Angela Rayner – who Labour initially denied had been present at the “beergate” curry, later said he’d also quit if she’s fined. Bet she’s delighted at being dragged back into the Starmer drama.
As he gripped the lectern during his monologue at Labour HQ, there was a change of tone from Sir Keir’s previous complacent and misleading statements on the “beergate” allegations.
The charge against the Labour leader from his political opponents has been self-righteous hypocrisy. And he may be an experienced lawyer, but he forgot the cast iron rule of politics: it’s not the offence, it’s the cover-up.
After his protestations of innocence and pleadings about “honesty” and “integrity”, the key question was asked as he attempted to escape by Sky’s tenacious political editor, Beth Rigby.
What would Sir Keir do if Durham Police rule that he broke the rules but isn’t fined, Beth asked. Remember, the force said it wouldn’t fine Dominic Cummings over his “eyesight” drive to Barnard Castle because it doesn’t fine people retrospectively.

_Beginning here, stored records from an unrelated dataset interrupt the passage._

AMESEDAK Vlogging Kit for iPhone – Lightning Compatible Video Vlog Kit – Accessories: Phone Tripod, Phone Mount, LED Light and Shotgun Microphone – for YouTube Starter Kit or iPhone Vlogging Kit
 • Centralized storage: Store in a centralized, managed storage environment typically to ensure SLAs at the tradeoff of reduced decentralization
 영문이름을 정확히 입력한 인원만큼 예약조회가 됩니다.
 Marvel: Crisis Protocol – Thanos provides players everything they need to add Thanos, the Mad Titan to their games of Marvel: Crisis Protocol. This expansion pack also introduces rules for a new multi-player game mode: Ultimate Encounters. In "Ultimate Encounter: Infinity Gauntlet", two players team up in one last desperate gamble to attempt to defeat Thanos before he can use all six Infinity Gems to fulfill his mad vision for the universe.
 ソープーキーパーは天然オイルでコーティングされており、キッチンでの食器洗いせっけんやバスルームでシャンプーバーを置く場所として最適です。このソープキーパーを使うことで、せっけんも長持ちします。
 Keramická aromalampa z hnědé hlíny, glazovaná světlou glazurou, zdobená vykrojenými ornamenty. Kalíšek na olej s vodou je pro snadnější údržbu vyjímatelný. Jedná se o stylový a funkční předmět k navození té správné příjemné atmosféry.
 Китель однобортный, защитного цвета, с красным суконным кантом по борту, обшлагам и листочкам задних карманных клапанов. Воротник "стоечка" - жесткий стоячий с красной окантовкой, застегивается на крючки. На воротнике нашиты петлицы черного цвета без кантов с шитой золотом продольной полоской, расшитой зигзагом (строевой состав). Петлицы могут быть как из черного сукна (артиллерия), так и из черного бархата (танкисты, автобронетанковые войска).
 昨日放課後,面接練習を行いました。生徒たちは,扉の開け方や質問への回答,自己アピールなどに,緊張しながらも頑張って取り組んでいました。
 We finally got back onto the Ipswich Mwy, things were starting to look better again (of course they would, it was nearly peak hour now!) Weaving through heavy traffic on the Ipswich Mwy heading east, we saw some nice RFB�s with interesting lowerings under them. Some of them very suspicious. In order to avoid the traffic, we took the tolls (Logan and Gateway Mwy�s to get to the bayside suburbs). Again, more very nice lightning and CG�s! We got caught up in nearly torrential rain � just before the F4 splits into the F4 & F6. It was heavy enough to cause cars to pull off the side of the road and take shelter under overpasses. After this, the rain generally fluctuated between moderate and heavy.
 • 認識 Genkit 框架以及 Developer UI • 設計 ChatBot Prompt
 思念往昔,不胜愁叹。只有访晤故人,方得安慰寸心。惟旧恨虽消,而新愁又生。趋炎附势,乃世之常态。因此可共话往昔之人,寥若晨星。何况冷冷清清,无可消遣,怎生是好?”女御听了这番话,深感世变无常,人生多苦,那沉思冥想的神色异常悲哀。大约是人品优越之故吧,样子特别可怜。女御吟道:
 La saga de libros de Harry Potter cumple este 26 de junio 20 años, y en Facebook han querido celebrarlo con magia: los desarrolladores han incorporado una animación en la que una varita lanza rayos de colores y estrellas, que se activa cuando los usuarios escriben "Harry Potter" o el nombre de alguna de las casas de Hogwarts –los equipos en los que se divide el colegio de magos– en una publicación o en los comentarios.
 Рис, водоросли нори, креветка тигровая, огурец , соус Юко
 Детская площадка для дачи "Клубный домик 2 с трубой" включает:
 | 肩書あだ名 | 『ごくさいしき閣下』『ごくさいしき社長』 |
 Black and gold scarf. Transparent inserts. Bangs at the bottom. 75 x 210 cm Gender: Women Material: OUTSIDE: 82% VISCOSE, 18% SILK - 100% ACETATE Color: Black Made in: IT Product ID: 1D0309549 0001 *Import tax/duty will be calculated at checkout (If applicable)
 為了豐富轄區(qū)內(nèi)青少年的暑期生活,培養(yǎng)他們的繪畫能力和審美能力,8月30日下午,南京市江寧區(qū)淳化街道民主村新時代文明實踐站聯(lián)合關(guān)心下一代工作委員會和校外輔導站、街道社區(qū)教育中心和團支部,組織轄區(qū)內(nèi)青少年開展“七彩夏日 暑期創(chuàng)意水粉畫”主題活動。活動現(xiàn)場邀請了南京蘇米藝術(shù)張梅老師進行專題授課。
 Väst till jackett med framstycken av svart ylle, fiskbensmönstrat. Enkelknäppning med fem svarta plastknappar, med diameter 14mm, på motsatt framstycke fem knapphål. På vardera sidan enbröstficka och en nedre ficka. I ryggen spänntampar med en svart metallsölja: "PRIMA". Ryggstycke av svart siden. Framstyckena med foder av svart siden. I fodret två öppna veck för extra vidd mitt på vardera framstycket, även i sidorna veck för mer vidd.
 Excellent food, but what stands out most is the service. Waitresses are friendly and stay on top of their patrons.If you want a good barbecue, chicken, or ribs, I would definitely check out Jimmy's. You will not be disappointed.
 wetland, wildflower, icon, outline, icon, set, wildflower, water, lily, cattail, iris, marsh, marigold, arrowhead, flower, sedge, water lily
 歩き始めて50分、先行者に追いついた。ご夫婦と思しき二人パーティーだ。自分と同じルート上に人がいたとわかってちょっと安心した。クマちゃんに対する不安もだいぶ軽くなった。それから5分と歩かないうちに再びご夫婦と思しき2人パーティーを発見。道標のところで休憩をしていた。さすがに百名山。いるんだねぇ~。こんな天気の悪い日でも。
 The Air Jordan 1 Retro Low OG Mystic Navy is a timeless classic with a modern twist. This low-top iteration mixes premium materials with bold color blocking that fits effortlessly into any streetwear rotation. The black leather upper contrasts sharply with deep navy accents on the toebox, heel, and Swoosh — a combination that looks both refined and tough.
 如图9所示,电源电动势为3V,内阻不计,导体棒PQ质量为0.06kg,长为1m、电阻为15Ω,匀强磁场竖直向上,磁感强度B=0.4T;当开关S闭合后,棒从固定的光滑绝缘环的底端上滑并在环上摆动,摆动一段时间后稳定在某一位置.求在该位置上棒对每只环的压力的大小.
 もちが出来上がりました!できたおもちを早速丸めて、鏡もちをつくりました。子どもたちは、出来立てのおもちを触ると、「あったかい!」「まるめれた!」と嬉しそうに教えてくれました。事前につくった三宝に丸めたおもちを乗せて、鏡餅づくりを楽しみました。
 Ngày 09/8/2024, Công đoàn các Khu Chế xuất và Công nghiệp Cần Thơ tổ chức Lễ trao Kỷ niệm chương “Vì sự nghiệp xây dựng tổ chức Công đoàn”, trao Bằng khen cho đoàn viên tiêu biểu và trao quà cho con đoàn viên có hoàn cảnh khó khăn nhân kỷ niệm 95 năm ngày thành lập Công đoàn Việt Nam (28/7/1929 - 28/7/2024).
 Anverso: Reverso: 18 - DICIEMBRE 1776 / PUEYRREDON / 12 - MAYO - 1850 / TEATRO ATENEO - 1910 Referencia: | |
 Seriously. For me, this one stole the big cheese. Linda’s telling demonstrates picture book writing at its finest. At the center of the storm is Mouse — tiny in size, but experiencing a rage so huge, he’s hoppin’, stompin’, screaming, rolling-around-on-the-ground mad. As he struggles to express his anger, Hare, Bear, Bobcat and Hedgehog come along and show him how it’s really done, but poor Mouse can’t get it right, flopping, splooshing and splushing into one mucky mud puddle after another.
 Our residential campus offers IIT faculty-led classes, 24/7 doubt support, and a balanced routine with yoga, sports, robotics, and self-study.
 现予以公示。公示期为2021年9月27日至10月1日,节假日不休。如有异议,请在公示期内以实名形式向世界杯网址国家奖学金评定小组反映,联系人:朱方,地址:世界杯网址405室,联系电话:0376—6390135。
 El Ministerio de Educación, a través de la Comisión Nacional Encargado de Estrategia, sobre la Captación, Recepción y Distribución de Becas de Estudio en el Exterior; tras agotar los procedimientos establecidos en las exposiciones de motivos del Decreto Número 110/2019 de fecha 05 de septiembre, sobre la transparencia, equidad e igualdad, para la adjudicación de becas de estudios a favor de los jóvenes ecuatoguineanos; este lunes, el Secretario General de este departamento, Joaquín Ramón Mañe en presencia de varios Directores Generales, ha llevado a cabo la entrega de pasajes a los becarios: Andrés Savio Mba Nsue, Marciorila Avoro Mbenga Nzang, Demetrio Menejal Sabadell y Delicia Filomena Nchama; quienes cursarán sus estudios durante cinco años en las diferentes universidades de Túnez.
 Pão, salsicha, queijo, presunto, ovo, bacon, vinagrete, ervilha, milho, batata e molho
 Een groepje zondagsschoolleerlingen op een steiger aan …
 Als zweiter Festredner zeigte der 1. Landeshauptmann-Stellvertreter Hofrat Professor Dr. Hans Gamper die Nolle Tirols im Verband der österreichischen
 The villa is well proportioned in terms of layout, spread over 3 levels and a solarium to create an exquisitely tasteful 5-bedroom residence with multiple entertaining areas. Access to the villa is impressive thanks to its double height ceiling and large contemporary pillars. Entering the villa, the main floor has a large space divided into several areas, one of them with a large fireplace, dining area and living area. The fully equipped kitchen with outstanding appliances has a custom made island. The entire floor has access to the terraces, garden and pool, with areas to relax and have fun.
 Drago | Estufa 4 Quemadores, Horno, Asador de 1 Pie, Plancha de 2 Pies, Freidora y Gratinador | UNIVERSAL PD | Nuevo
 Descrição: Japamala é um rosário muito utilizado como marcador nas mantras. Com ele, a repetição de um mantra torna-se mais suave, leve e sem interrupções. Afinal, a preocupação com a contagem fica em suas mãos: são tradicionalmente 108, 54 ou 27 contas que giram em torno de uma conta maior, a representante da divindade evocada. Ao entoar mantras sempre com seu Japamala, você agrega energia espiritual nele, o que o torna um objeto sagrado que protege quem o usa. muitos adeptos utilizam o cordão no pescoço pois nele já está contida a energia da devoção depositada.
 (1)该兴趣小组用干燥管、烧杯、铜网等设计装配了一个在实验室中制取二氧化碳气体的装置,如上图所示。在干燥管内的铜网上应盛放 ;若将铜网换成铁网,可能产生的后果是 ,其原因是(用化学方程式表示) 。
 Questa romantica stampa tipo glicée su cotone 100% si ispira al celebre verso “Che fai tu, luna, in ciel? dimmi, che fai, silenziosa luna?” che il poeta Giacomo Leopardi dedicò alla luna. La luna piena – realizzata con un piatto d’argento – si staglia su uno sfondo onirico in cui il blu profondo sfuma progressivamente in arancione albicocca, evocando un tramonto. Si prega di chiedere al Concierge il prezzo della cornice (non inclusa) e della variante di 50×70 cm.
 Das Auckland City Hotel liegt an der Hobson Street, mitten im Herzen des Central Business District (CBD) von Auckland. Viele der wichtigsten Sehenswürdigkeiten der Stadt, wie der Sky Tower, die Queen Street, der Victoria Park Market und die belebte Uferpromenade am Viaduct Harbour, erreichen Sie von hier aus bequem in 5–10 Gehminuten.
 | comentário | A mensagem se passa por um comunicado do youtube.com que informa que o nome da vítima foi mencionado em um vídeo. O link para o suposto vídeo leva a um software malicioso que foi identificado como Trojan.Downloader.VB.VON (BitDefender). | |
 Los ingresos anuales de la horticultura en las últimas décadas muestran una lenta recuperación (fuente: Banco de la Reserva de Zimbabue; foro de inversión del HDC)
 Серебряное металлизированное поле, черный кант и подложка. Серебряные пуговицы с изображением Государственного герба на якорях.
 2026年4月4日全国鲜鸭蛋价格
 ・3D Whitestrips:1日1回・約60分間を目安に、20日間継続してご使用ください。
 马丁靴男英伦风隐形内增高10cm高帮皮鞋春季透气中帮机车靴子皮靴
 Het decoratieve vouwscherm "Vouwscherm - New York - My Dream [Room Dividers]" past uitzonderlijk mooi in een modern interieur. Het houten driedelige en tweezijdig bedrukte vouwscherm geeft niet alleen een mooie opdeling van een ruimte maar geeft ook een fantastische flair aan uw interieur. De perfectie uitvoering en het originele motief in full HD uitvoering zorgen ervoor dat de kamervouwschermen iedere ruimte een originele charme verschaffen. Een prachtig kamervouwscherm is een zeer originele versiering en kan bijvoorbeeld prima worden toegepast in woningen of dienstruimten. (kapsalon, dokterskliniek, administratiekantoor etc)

Sir Keir’s answer: he’ll only quit if he’s fined, an answer that won’t satisfy his critics and could lead to tears on his pilau in the weeks and month ahead.
Speaking on Sky News on Tuesday, Policing Minister Kit Malthouse said Durham Constabulary will meet “high standards” regardless of any alleged pressure on them as they investigate the Labour leader.
“Durham police will operate professionally to the high standards we expect of them irrespective of what the external goings-on are around this case,” he said.
“We need to leave them the space and time to do their job.”
The COVID-19 Bereaved Families for Justice UK campaign group, which has been critical of the government’s pandemic policies, tweeted: “This is the right decision by Keir Starmer and in contrast to Boris Johnson, shows integrity, decency and respect to the bereaved.”